Figure 2(b) shows the average distribution of the 26 concavities 26〈NC〉 and of the corresponding standard deviations des(26〈NC〉) for the four groups of N molecules: 31az, 14NotP21/c,17P21/c, and 6FAQP21/c. While for 14azNotP21/c, the distribution of 26〈NC〉 is pseudosymmetrical around the center (00 ± 1), that symmetry tends to break for 17azP21/c and more for 6FAQP21/c molecules, especially in the area where their 26〈NV〉 potentials lose the second saw-tooth peak. The distribution of 26〈NC〉 for 31az involves molecules of equal and different space group being intermediate as might be expected. Table 4 also shows the quantitative differences between the average distributions of 26〈NC〉 concavities for different groups of molecules.

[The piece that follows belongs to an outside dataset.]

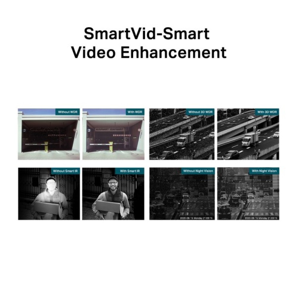 Для покращення якості зображення камера пропонує технології BLC, DWDR та HLC, які автоматично корегують яскравість і контрастність, забезпечуючи оптимальне висвітлення навіть у складних умовах освітлення. Завдяки функціям Smart IR, WDR, 3D DNR забезпечується висока якість відео навіть у низькоосвітлених умовах.

The average values under 〈26(des〈NC〉)〉 showing more similar distributions for the 26 concavities between the molecules of the groups 6FAQP21/c and 17P21/c than between the molecules of the group 14NotP21/c, while an intermediate similarity for the total of 31az. This shows the association of the predictor vector 26C of molecular concavities with the space group SG of the molecular crystal, parallel to the previous association observed of the predictor vector 26V of potentials with the space group SG.
Figure 3 shows the molecular distributions of 26V potentials and 26C concavities for the four minority space groups: Pbca, P212121, Pna21, and P-1. Although this analysis is less significant with only 3, 3, 3, and 2 molecules each, it also notes some similarity between the distributions of its 26V and of its 26C for molecules with the same space group SG, except for P-1 and BIWWEJ (unique molecule in Table 2 with its 26V “calculated” positive). Furthermore, Table 4 shows that the average standard deviation values 〈26(des〈NV〉)〉 and 〈26(des〈NC〉)〉 for these four space groups do not deviate too much from those of groups 6FAQP21/c and 17P21/c, with the exceptions described above.
Distribution of the 26V potentials and 26C concavities for molecules of the groups 3Pbca, 3P212121, 3Pna21, and 2P-1.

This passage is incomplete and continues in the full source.